■ **TO DO**: Copy out the data below as written; omit any images.

■ **SUPPLIED MATERIAL**:
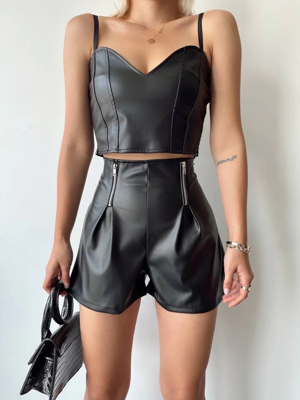 Çift fermuarlı deri şort h24394, günlük hayatta şıklığı ve konforu bir arada arayan kadınların favorisi olmaya aday!
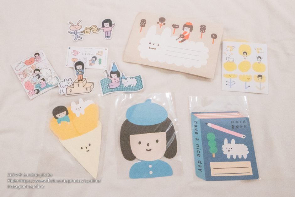 我有特別買了日本來的創作者的東西,沒人的攤位我也會多看幾眼,喜歡的有買!但的確是年紀大了,比較不買展現自我的東西(四十五不需要展現自己了,給誰看XDDD)買了很多明信片、卡片、資料夾,對我來說是實用的東西,我偶爾會寄東西給案主,有時寄東西給朋友,都用個便利貼寫字實在醜死了,買些明信片、卡片來寫好一點!(雖然我也有做,但我總不好每次都用同一張寫給朋友,哈哈哈哈庫存很多啦!)
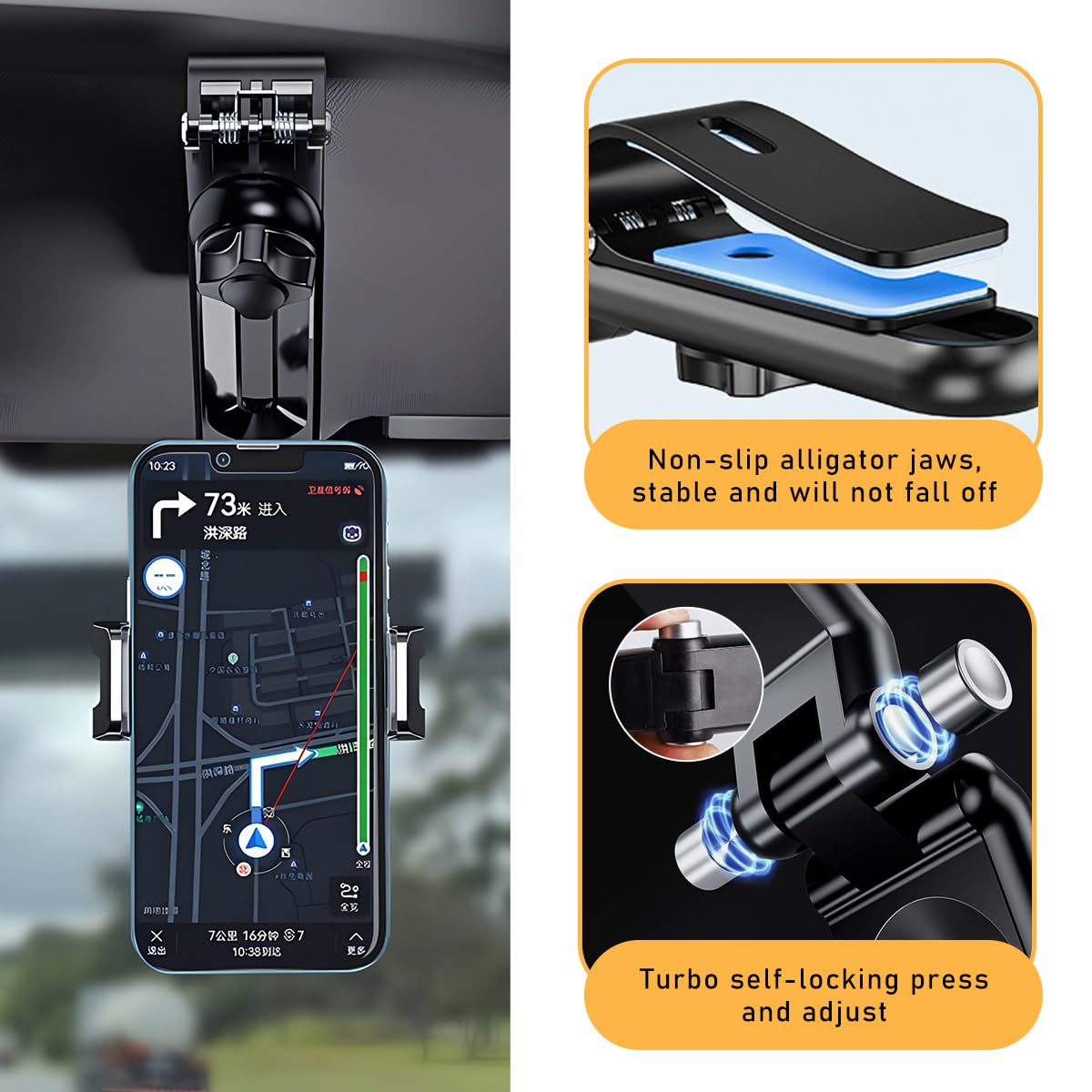 Este suporte se fixa firmemente ao visor solar ou superfícies curvas, evitando quedas durante curvas, solavancos, frenagens ou em alta velocidade. Com um simples movimento de uma mão, você pode ajustar a direção da tela, permitindo que mantenha os olhos na estrada e a atenção na direção, promovendo uma condução segura e estável.

■ **TASK ANSWER**:
 Çift fermuarlı deri şort h24394, günlük hayatta şıklığı ve konforu bir arada arayan kadınların favorisi olmaya aday!
 我有特別買了日本來的創作者的東西,沒人的攤位我也會多看幾眼,喜歡的有買!但的確是年紀大了,比較不買展現自我的東西(四十五不需要展現自己了,給誰看XDDD)買了很多明信片、卡片、資料夾,對我來說是實用的東西,我偶爾會寄東西給案主,有時寄東西給朋友,都用個便利貼寫字實在醜死了,買些明信片、卡片來寫好一點!(雖然我也有做,但我總不好每次都用同一張寫給朋友,哈哈哈哈庫存很多啦!)
 Este suporte se fixa firmemente ao visor solar ou superfícies curvas, evitando quedas durante curvas, solavancos, frenagens ou em alta velocidade. Com um simples movimento de uma mão, você pode ajustar a direção da tela, permitindo que mantenha os olhos na estrada e a atenção na direção, promovendo uma condução segura e estável.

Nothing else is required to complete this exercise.